Tek kelimelik bir tavsiye: Yerli halkın sahile
gittiği ve tüm şehrin bir ay süren siestada şımarttığı Ağustos ayında çok fazla
heyecan beklemeyin.
KISA
TARİH
Gradec tepesinin üstünde Demir Çağı
yerleşimlerinin kanıtlarına rağmen, Zagreb'in tarihi, Macaristan'ın Ladislas
kentinin kuzey Macaristan topraklarını daha sıkı Macar kontrolü altına almak
için burada bir piskoposluk kurduğu 1094 yılına kadar başlamaz. Macar tacı
Gradec'in karşısında bir garnizon tutarken, katedralin ve Kaptol'deki
piskoposluk binalarının kuşakları etrafında büyük bir kilise topluluğu
büyümüştür (kabaca “katedral bölüm” olarak geçmektedir). 1240–42 yıllarındaki
Moğol saldırılarını takiben Kral Bela IV, Gradec'i yerleşimcilerin ilgisini
çekmek ve kent yaşamını yeniden canlandırmak için kraliyet barındırmayan bir
şehir ilan etti.
Kaptol ve Gradec toplulukları nadiren toplandı
- nehri üzerindeki su değirmenlerinin kontrol edilmesi, sürekli bir düşmanlık
kaynağıydı. Toplumlararası mücadelenin en büyük salgını 1527'de gerçekleşti ve
bu da şu anda Hırvat topraklarının kontrolü altında olan Habsburg'lar
tarafından Kaptol'ün görevden alınmasıyla sonuçlandı. Bundan sonra Kaptol ve
Gradec'in ayrı kimlikleri ortadan kalkmaya başladı ve Zagrep ismi (kelimenin
tam anlamıyla, “tepenin arkasında” - Medvednica Dağı'nın etekindeki kasabanın
konumundan yapılan bir referans), her ikisinin de ortak bir adı olarak popüler
kullanıma girdi.
İÇ
HIRVATİSTAN
Hırvatistan'ın iç bölgelerini oluşturan
coğrafi bölgelerin kargaşası, bunun karşısında, birbiriyle çok az ortaklığa
sahip görünmektedir. Ne var ki, tarihsel olarak, iç taraftaki Hırvatlar, kıyıya
hakim olanlardan çok farklı bir dizi kültürel etkiyle birleştirildi. On ikinci
yüzyılın başlarında ortaçağ Hırvat krallığının çöküşünden sonra, iç Hırvatistan
ilk Macaristan'ın saltanatı altına düştü, daha sonra Orta Avrupa kültürünü ve
mimarisini giderek benimseyen Habsburg İmparatorluğu. Bu miras, markasını bırakmıştır:
sağlam, pastel çiftlik evleri, kırsal kesimde yer alırken, kiliseler spor soğan
kubbeleri ve Gotik kuleler ile birlikte, Venedik'in ilham kaynağı olan kıyıdaki
kampanyalar ile keskin bir tezat oluşturuyor.
İç Hırvatistan'ın ana cazibesi, karşıt manzaralarda
yatmaktadır. Alpler'den Adriyatik'e uzanan dağ zincirleri, Zagreb'den doğu
Macaristan'a kadar uzanan Pannonian ovasını karşılar. Zagreb'in hemen kuzeyinde
yer alan Zagorje bölgesi, güney Avusturya'yı zirveleri ve kaleleriyle
anımsatırken, Zagreb'in güneybatısında Plitvice Gölleri'nin büyüleyici gölleri
ve şelaleleri bulunuyor.

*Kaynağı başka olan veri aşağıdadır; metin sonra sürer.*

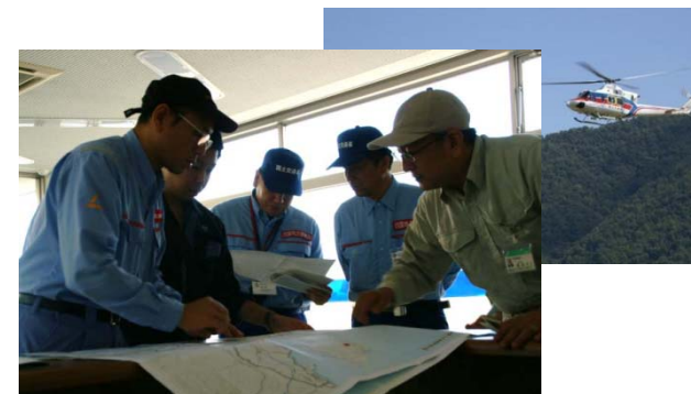
〔砂防班〕国総研、四国地整、福井県で打合せ
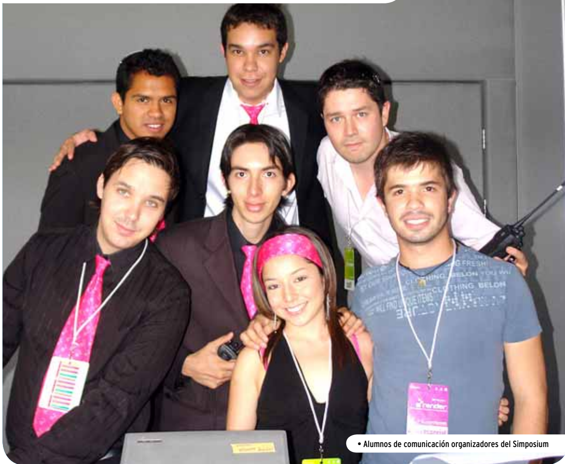
• Alumnos de comunicación organizadores del Simposium
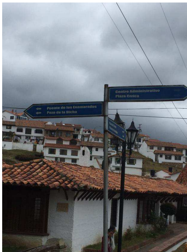
Figura 10. Ruta a Puente de los Enamorados.

Allí se observa un pequeño canal que transporta agua, de tipo riachuelo, el cual ya se encuentra seco y las condiciones ambientales del lugar se encuentran deterioradas, pues como se puede observar en la imagen la comunidad arroja a este canal basura y residuos sólidos que desencadenan una contaminación visual no apta para el desarrollo de una buena experiencia de cara al turista.
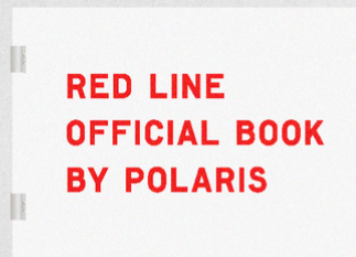
D Red Line Official Book
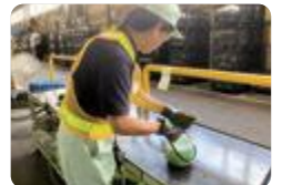
就業体験（富山聴覚総合支援）

富山高等支援・高岡高等支援では、高等部1年次から校外就業体験を行うとともに、日頃の作業学習においても外部講師による指導、企業からの受注作業、近隣施設での実習などを行っています。
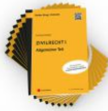
PAKET Lehrbuchreihe Zivilrecht I - VIII Ladenpreis: 250,00 EUR
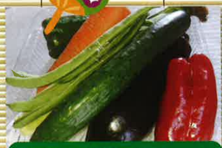
野菜のお供え物セット
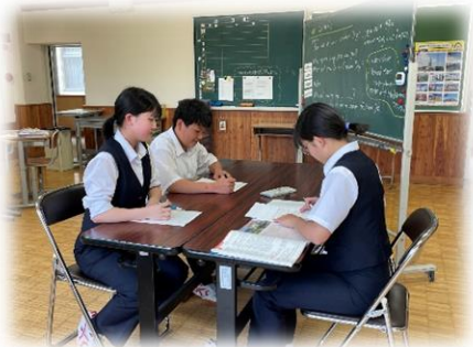
異学年合同授業（中）

◇同様の特色を持つ大野川校、安曇校との交流を行い、集団での活動や学びを実現します。
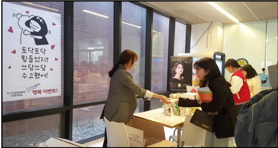
(▲ 교수님께서 토스트를 나눠주는 모습)

2019년 4월 25일 목요일 보는 사람들의 마음까지 따뜻하게 해주는 이벤트가 과학관 지하 1층 입구에서 열렸다. 이 행사는 중간고사 기간 동안 힘들었을 학생들을 위해 교수님들께서 직접 토스트와 음료수를 전해주는 것이다. 대상은 포천에서 수업하는 간호학과 1,2,3 학년으로 하였고 시작은 학생들이 오전 수업으로 인해 배고플 시간대인 11:30~12:20 에 진행하였다.
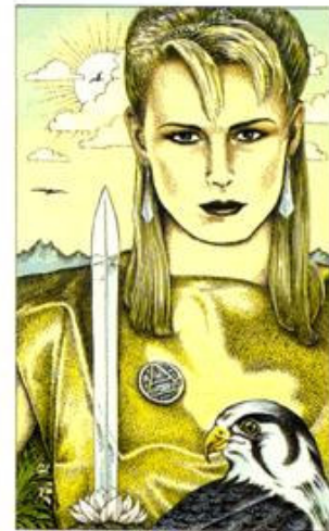
PRINCESS OF SWORDS

Casa de Conselho: Usar mais astúcia e inteligência para lidar com as situações, abusar do jogo de cintura e sagacidade para obter resultados, ser mais dissimulado(a) em relação ao que foi questionado .
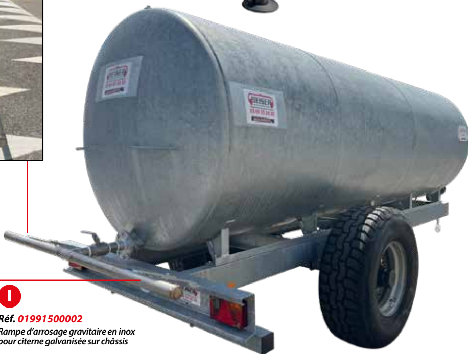
Réf. 01991500002 Rampe d'arrosage gravitaire en inox pour citerne galvanisée sur châssis

BEISER Environnement Domaine de la Reidt • 67330 BOUXWILLER
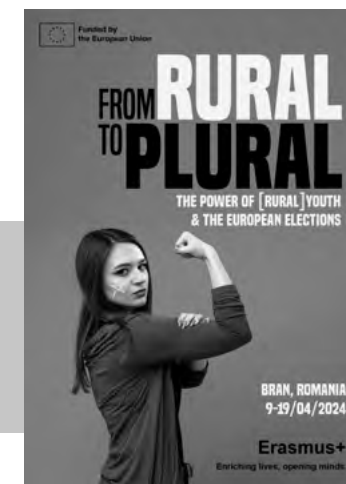
Pozvánka na mládežnícku výmenu
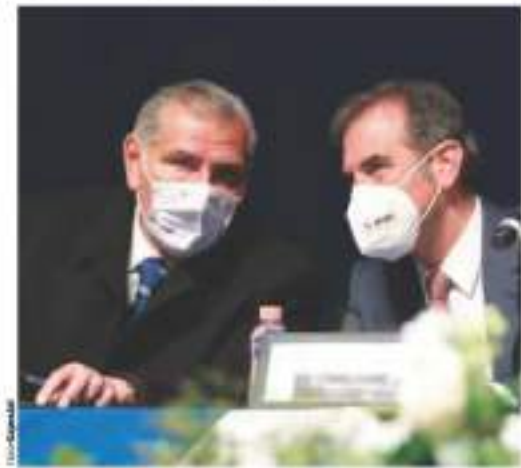
EL SECRETARIO de Gobernación, Adán Augusto López, y el presidente del INE, Lorenzo Córdova, concibieron ayer un seminario.

• Sheinbaum se enfrenta contra Córdova; parece vocero contra el INE; Sánchez Cordero llama al diálogo para llegar a consensos; PRD pide no participar en consulta
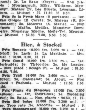
Hier, à Stockel. Prix Bonsoir (8.000 fr. 3.000 m.) - 1er, Orléan 2e, La Martinié 3e...
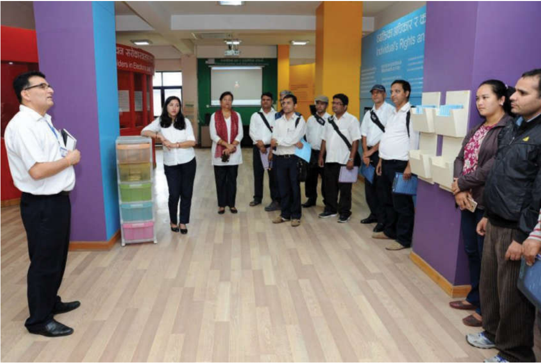
निर्वाचन शिक्षा तथा सूचना केन्द्रमा जानकारी लिँदै आगन्तुकहरू
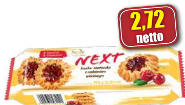
Ciasteczka Next słoneczka z marmoladą 160 g S01050000391
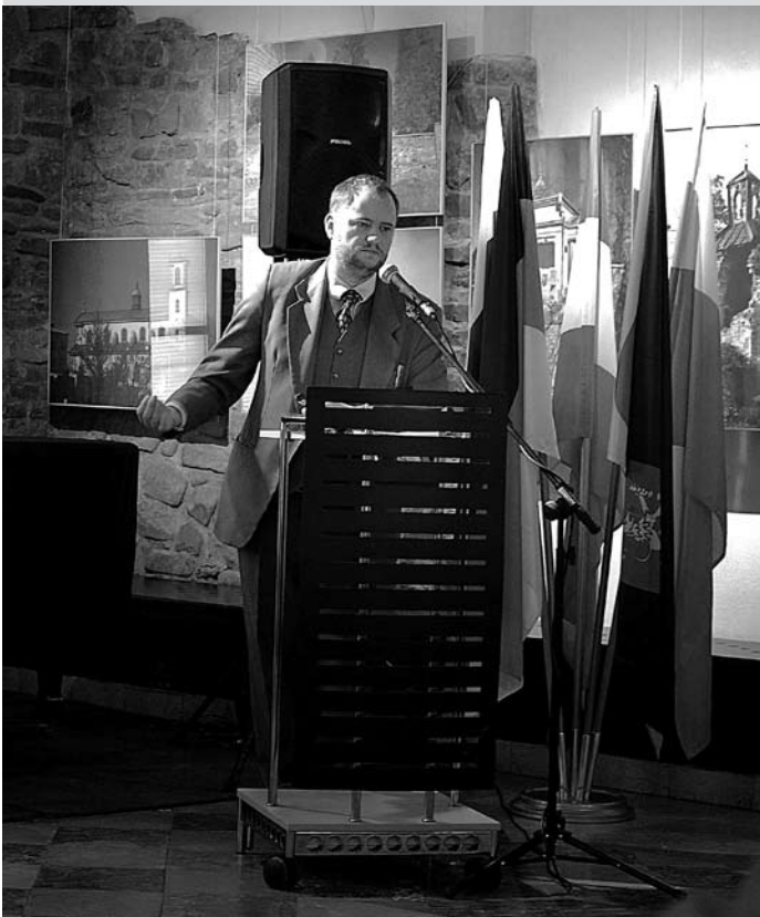
Tekst i foto: M. Lopata
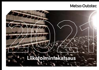
Liiketoimintakatsaus Strategia, arvonluonti ja vastuullisuus
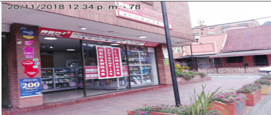
Fotografía panorámica del establecimiento de comercio RED CELULAR TEC, donde se evidencia los incumplimientos anteriormente descritos.
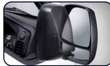
Outside Mirror Assist & Main Mirror Sighting
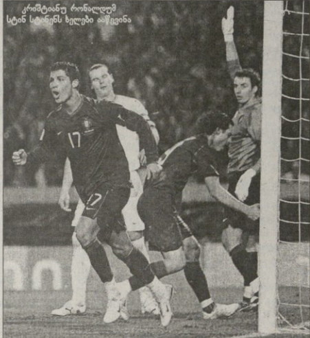
კრიტიკულად რომელიც სტინ სტინგი ხელში დაწვება

ცოტაც და, სტრინგის ისევ დაწვებდნენ — ამჯერად კარგადაც კვლავიერი გადვიტების შემდეგ კრიტიკულად რომელიც თაყური შევალ. ბელგიას გატანის შანსი კი მიუ-
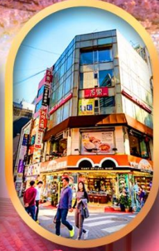
ช้อปปิ้งย่านเมียงดง
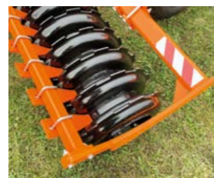
ROULEAU SILLONNEUR D= 600 MM

L'application du rouleau est identique à celle du rouleau tandem standard à anneaux en U, mais la conception basée sur des jantes soudées à un tube commun surdimensionné fait que le rouleau se caractérise par une plus grande robustesse nécessaire pour des conditions de sol plus difficiles.
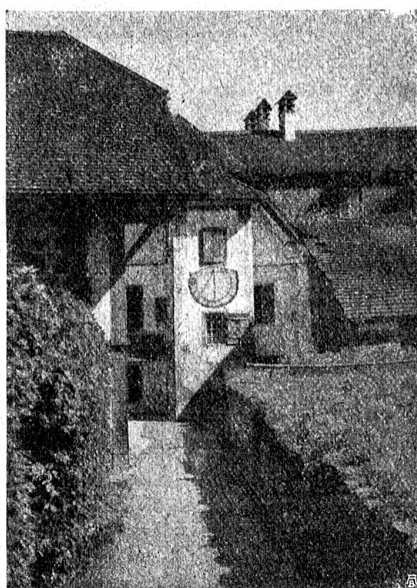
Alte Sonnenuhr auf dem Hofe zur Neubrücke bei Bern. Die Uhr befindet sich in einem malerischen Winkel an viel begangenen Fußweg und wurde jüngst durch Renovieren vor dem völligen Verfall bewahrt; sie hat Viertelstunden-Einteilung.

Das Thuner Schloß mit seinen vier Ecktürmen, das so stolz in die Lande hinausschaut und das Historische Museum beherbergt, wurde um das Jahr 1191 durch Herzog Berchtold V. von Zähringen nach dem Vorbild der zeitgenössischen französischen Schlösser errichtet, vielleicht auf römischen, vielleicht auf frühmittelalterlichen Ruinen. Nach dessen, im Jahre 1218 erfolgten Tode kamen Schloß und Herrschaft Thun durch Erbschaft an Graf Hartmann den Jüngern von Kyburg, der in zweiter Ehe mit Elisabeth von Châlons verheiratet war. Diese überlebte ihren im Jahre 1263 verstorbenen Gatten noch um 12 Jahre. Sie starb im Jahre 1275. Diese Elisabeth verließ der Stadt Thun im Jahre 1264 eine Handfeste oder Stadtordnung, die allerdings eine beinahe wörtliche Abschrift der Handveste der Stadt Freiburg im Aechtland ist, aber für Thun von solcher Bedeutung war, daß
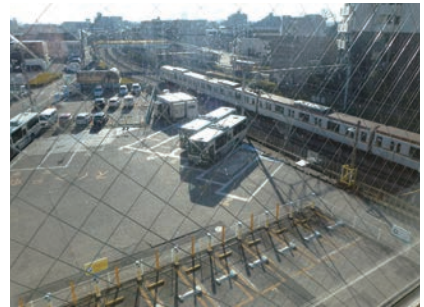
窓から電車が見える風景は子どもに人気。

(定員20名。空き状況は、アイレックの電話042-495-7002にお問い合わせください。)
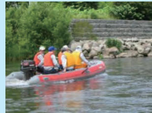
船による河岸の情報収集等
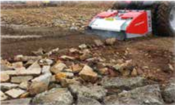
Steine werden zertrümmert – erspart mühsames Steine sammeln.
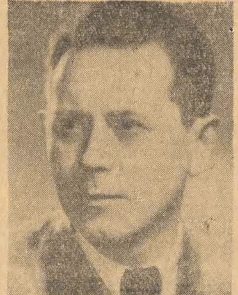
Tow. Eugeniusz Stawicki — prezydent m. Łodzi
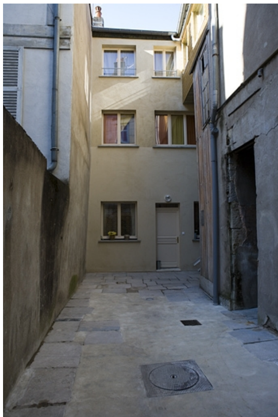
Vue d'ensemble de la façade antérieure du deuxième logis secondaire.

25, Besançon Grande Rue 122, lieudit : îlot Granvelle
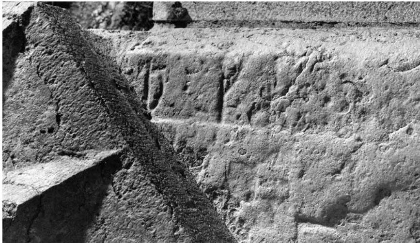
G 321. Foto: Bengt A. Lundberg 1993.

Till läsningen: Runa 1 þ har stor påse, huvudstavens nedre del är dold av pelarfundamentet. 2 k är 10 cm hög, bistaven och huvudstavens topp är utvittrade. Av runa 3 återstår utvittrade rester av en huvudstav. Av 4 e återstår svaga rester av huvudstavens ristningsbotten; på halv runhöjd finns en djup grop som bedöms vara rester av runans stingning. 6 cm till höger om runa 4 ansas möjligen svaga rester av en huvudstav. Därefter inga säkra rester av ristning på den mycket vittrade ytan. Närmast dörren är stenens kant dold av murbruk, därunder skönjes streck som skulle kunna vara toppar eller baser av 7 runor.
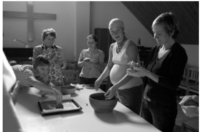
Mustamäe koguduse esimene leivategu Nõmme koguduses.

Oma rännakut alustades oli üks meie soovidest, et Mustamäe kirik võiks olla justkui oas, mis toidab kõiki, kes siit uksest sisse ja välja käivad. See unistus sai kirja pandud juba meie koguduse rajajate esimesel kohtumisel. Soovisime, et tuleviku kirikus oleks alati Eluleiba, mis toidab ja annab lootust igale inimesele, kes kiriku uksest sisse astub. Koguduse igapäevaelu kujunes aga nii, et me hakkasime alati külalistele rikkalikult maist leiba pakkuma, sest toit on ju väga oluline inimese elus. Keegi meist ei saa elada ilma toiduta. Mustamäel oleme väga palju tegelenud toiduga: kohvilauad, teeõhtud, toidupakid, jõuluroad, kirikusupid, koogivaagnad jne. Toit kutsus inimesi kokku Jeesuse ajal ja teeb seda

Başkentin sulak alanları çok daha az turistik ama aynı
derecede ödüllendirici olan Lonjsko polje Doğa Parkı, arkaik ahşap yapılı
köylerin ve kuş gözlemciliği olanaklarının bir karışımını sunuyor. Doğu
Slavonia eyaleti, kısmen yeşil tepelerin kısmen kırıldığı düz, kareli tarım
arazilerine sahiptir. Eyaletin kuzeydoğu köşesinde yer alan Kopački rit Tabiat
Parkı, sulak alanların ve batık ormanların yaban hayatı açısından zengin bir
harikasıdır. Kırsal turizmin, Zagorje, Plitvice, Lonjsko polje ve Kopački
ritinde yetişen köy B & B'leri, folksy restoranları ve iyi imzalı bisiklet
yollarıyla büyük bir şekilde kalktığı bu doğal güzellik alanlarındadır. Üzüm
bağları ve şarap mahzenleri, özellikle güneydoğudaki Ilok civarında, turizmin
büyüyen bir özelliği.
Bölgede ayrıca, eyalet Habsburg yaşamının
zarafetinden bir şeylerin yaşandığı, iyi korunmuş Barok şehirleri bulunan
değerli şehir merkezleri de bulunmaktadır. Bunların en ilginci, Zagreb'in
kuzeydoğusundaki Varaždin ve doğu Slavonya'da eski bir kale kasabası olan
Osijek. Vukovar'daki bazı kavrama müzeleri ve Ilok'taki bir şarapçılık
endüstrisi, Hırvatistan'ın güneydoğu köşesine seyahatinizi uzatmak için ideal
teşvikler sunmaktadır.
İSTİRA
Kuzey Adriyatik, Istria (Hırvatça, “Istra”)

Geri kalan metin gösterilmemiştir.